◆ **WORK REQUEST**:
Reproduce the listing below exactly, except for its pictures.

◆ **SUPPLIED INFORMATION**:
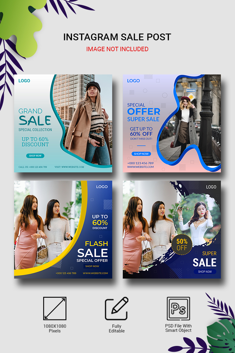 Download Шаблон для соцсетей "Instagram Sale Post Banners Set Social Media Template" / Instagram Sale Post Banners Set Social Media Template - Шаблон для соцсетей на тему графика background,banner,abstract,background,sale,template,fashion,social,media,tag,instagram,shopping,brush,promotion,web,shop,discount,price,offer,sales
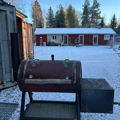 Vanha savustuspönttö. Mitat k 50cm, l 32cm, s 55cm. Ollut telineellä avotulen päällä, sisällä 2 ritilää ja taso. Voin putsata paremmin jos joku tarvii.
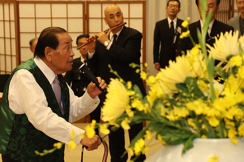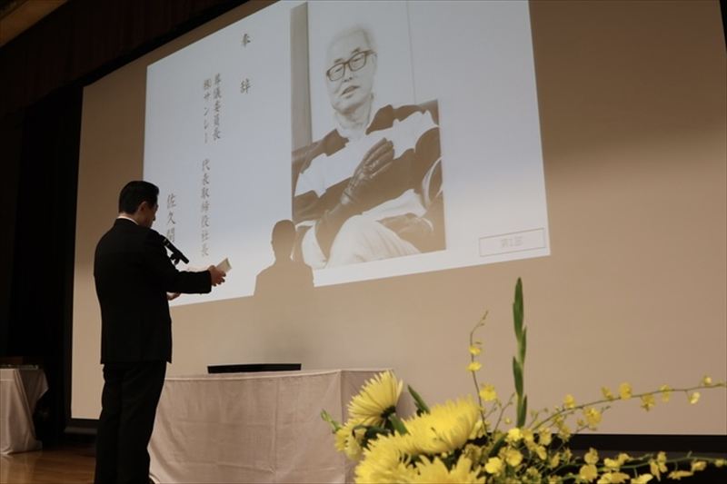 最初に、「鎌田先生とわたしはカラオケが共通の趣味で、数えきれないほど御一緒しました。先生は、わたしが歌う北島三郎の『祭り』がお好きで、『かまた祭り』のラストでぜひ歌ってほしいと言われていました。諸先輩方おられる中で誠に不遜ではございますが、故人の希望であり、ご容赦ください!」と言いました。
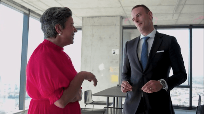 Rich Listers: With the penthouse’s high price tag, Diego and Paula discuss approaching their international buyers. “I’m pretty lucky I work a lot with that big kind of wealth, and the world actually,” Paula says, who as minister for social development oversaw significant welfare reforms and the sale of state houses. “As long as they pay the right money, anyone is welcome.” Diego agrees.

◆ **ANSWER TO THIS PROBLEM**:
 Download Шаблон для соцсетей "Instagram Sale Post Banners Set Social Media Template" / Instagram Sale Post Banners Set Social Media Template - Шаблон для соцсетей на тему графика background,banner,abstract,background,sale,template,fashion,social,media,tag,instagram,shopping,brush,promotion,web,shop,discount,price,offer,sales
 Vanha savustuspönttö. Mitat k 50cm, l 32cm, s 55cm. Ollut telineellä avotulen päällä, sisällä 2 ritilää ja taso. Voin putsata paremmin jos joku tarvii.
 最初に、「鎌田先生とわたしはカラオケが共通の趣味で、数えきれないほど御一緒しました。先生は、わたしが歌う北島三郎の『祭り』がお好きで、『かまた祭り』のラストでぜひ歌ってほしいと言われていました。諸先輩方おられる中で誠に不遜ではございますが、故人の希望であり、ご容赦ください!」と言いました。
 Rich Listers: With the penthouse’s high price tag, Diego and Paula discuss approaching their international buyers. “I’m pretty lucky I work a lot with that big kind of wealth, and the world actually,” Paula says, who as minister for social development oversaw significant welfare reforms and the sale of state houses. “As long as they pay the right money, anyone is welcome.” Diego agrees.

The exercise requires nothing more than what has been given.